= Sélection de Grains Nobles =

Sélection de Grains Nobles (SGN) is French for "selection of noble berries" and refers to wines made from grapes affected by noble rot. SGN wines are sweet dessert wines with rich, concentrated flavours. Alsace wines were the first to be described as Sélection de Grains Nobles, with the legal definition introduced in 1984, but the term is also seen in some other wine regions France, such as Loire.

==Use in Alsace==
For Alsace wines, SGN is the highest official category for late harvest wines, while the step below is called Vendange tardive.
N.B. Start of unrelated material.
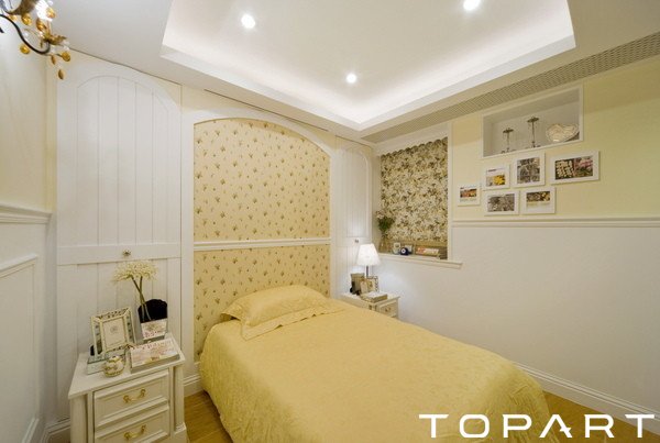 臥室布置的更為溫馨,墻面掛上了不少有趣的相框,可以緬懷童年。床品也是米黃色,與整個(gè)風(fēng)格搭配。

In 2001, the minimum must weight requirements for SGN in Alsace were increased to 18.2% for Gewürztraminer and Pinot gris, and 16.4% for Riesling and Muscat, expressed as potential alcohol. Only these four "noble varieties" may carry the SGN designation, or the Vendange tardive designation.

The required level ripeness of the grapes are as follows, expressed as sugar content of the must and potential alcohol:

| Varieties | SGN since 2001 | SGN before 2001 |
|---|---|---|
| Gewürztraminer Pinot gris | 306 grams per liter or 18.2% potential alcohol or 128 °Oe | 16.4% potential alcohol or 117 °Oe |
| Riesling Muscat | 276 grams per liter or 16.4% potential alcohol or 117 °Oe | 15.1% potential alcohol or 108 °Oe |

These requirements make SGN roughly equivalent to a German Beerenauslese, but the Alsace style tend to favour slightly higher alcohol levels, which means that the residual sugar often is a little lower than in German wines, especially for Riesling and Muscat.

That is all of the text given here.